WASHINGTON (RNS) — Glenn Beck’s recent “Restoring Honor” rally in Washington focused more on faith than politics, but most Americans don’t consider the conservative broadcaster the right person to lead a religious movement — or even know what religion he follows, according to a new poll.
Fewer than one in five Americans (17 percent) believe Beck is the right person to helm a religious movement, according to a PRRI/RNS Religion News Poll released Sept. 16 by Public Religion Research Institute and Religion News Service.
Half of respondents say he’s the wrong person; the rest either don’t know or declined to answer.
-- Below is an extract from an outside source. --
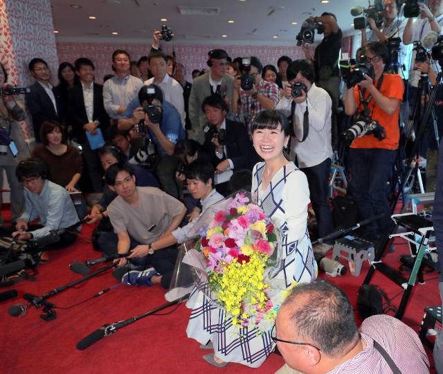 福原愛被媒體記者包圍。

Beck was only correctly identified as a Mormon by 17 percent of respondents — the same number who think he is either Protestant or Catholic.
This confusion may work to Beck’s advantage as an aspiring religious leader, however, since the poll also found that two-thirds of respondent think Mormons have beliefs different from their own, including 41 percent who consider them “very different.”
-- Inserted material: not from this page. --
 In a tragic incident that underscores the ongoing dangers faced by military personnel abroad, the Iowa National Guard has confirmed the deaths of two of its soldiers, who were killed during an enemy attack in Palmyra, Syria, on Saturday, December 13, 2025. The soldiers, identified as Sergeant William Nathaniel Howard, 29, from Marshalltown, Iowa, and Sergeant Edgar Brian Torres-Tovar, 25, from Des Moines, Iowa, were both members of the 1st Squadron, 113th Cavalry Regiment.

“Perceptions of the Mormon religion have a strong impact on views of Glenn Beck, but only among the relatively small contingent who are aware of his religious affiliation,” said Daniel Cox, director of research for PRRI, a nonpartisan research firm in Washington.
Put another way, when people know Beck is Mormon, their views about the Mormon faith directly impact their views about him. People who see affinity with Mormons have a higher regard for him than those who find differences with the Mormon faith.
The results are consistent with other studies about the fast-growing faith’s role in public life, including polls about 2008 presidential candidate Mitt Romney, said John Green, an expert on religion and politics at the University of Akron.
“Because other surveys show that Mormons are not especially popular with Americans, as a rule, then it’s likely that if more people found out Glenn Beck's religious background, that would inhibit them following him,” Green said.
Among the small number of respondents who knew of Beck’s faith, 37 percent said he is the right person to lead a religious movement — an approval rating that’s double the general response, Cox explained, because this cohort already includes many of Beck’s fans.
For those who know that Beck is Mormon and also believe that Mormons have different views than their own, the number drops to 28 percent who said he should be a religious leader.
When Beck is correctly identified as a Mormon, his general approval rating also depends on what Americans think of Mormons: Among people who know Beck is Mormon and believe Mormons have religious beliefs different than their own, 42 percent had a negative opinion of him, significantly higher than the 27 percent of the general population.
Beck’s higher approval ratings among evangelicals reflects the growing evangelical-Mormon alliance on conservative culture war issues.